The problem is that a considerable number of licensing officers cannot possibly have done their homework sufficiently to recognise what are "embedded conditions" and what are not. It has taken people like me hours of work to understand the full implications of the existing law, let alone the new one. It is asking a great deal to expect relatively inexperienced local government officers in many parts of the country to have a comprehensive knowledge of both the new and old laws.

For example, permitted hours. Does every licensing authority fully understand what the current licensing hours are? I have asked a couple of them in recent days and they have got them wrong. Similarly, conditions on children's certificates, special hours certificates and other types of extension. In order to issue the new premises licence with conditions that replicate existing ones, these officers have to spend a great deal of time working out each application.

Of course, they have that time at present. When you are dallying around with five applications in three months, you can afford to look carefully at every aspect. But if you do not know the law in the first place, even that time may be wasted.

What it is going to be like when the rush starts to happen is anyone's guess. It is not just a question of ticking off boxes, remember. The licensing officers have to issue a new licence, complete with conditions and hours. It must comply with the existing law. If it is wrong, the applicant has the opportunity to appeal.

Who is going to check whether the conditions imposed on the new premises licences are accurate or not? Sometimes, even the licensees will not know, unless they are legally advised. On rare occasions, even the legal advisers may miss a trick.

For example every converted premises licence must have New Year's Eve hours round the clock ­ extended from the terminal on 31 December until the commencement time on 1 January, whether you intend to use it or not. An artificially-early closing time cannot be imposed on a straight conversion.

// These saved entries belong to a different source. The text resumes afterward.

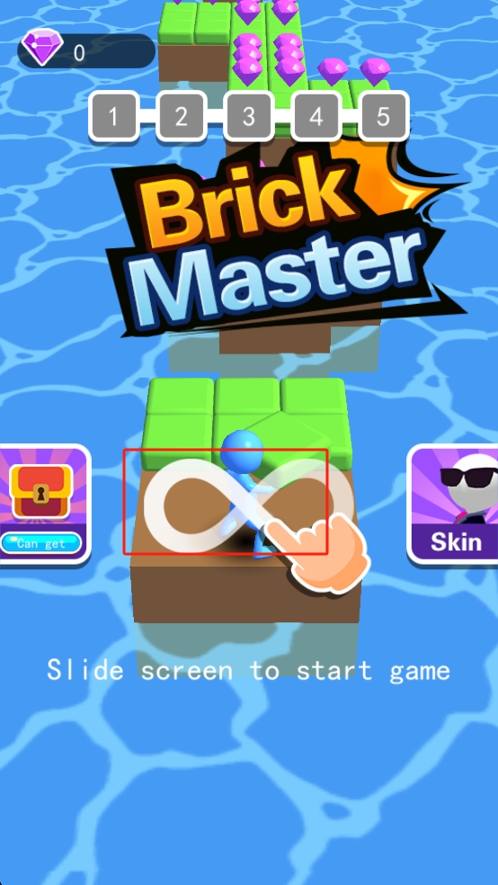 1、滑动屏幕启动游戏,操控蓝色小人进入关卡,开启收集紫色宝石、堆叠绿色砖块以搭建路径的挑战。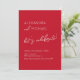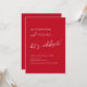A refined minimalist engagement invitation design featuring elegant typography on a red solid background. The clean layout and timeless lettering create a sophisticated aesthetic that feels modern, calm, and effortlessly stylish. Designed for couples who appreciate simplicity and balance, this typography-focused design delivers a polished, graceful look perfect for a contemporary engagement celebration.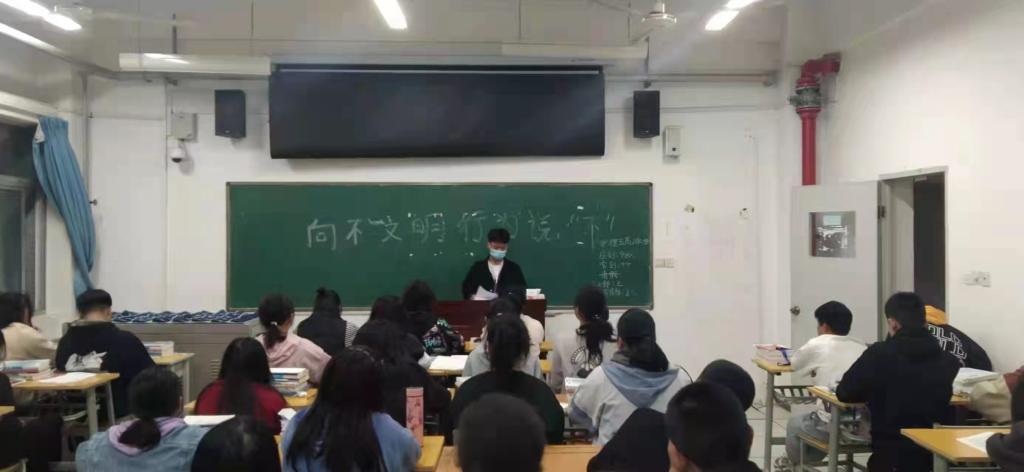 为了培养同学们的优良学风,优化校园育人环境,增强文明意识,养成文明的良好习惯,将“创建文明校园,争做文明学生”进行到底。2021年10月20日晚,澳门电子pg游戏官网开展了“向不文明行为说不”的主题班会活动,由各班班长主持,澳门电子pg游戏官网全体学生参加。

Also, there is no requirement for public houses to close to the public outside the permitted hours under the existing law, only to cease the sale and consumption of alcohol. Again, if there is a Part A conversion, the licensing authority is not in a position to stipulate actual "closing times". But I am sure they will be imposed automatically.

The other important point about applications made by a local government officer is that a form cannot be returned if the licensing objectives section is "defective". It is not up to the licensing authority to judge on that ­ only those entitled to make representations. This is not a "Ten Commandments" section, set by the council, whatever it thinks.

Grandfather rights? You'd better be sure you know what you're getting!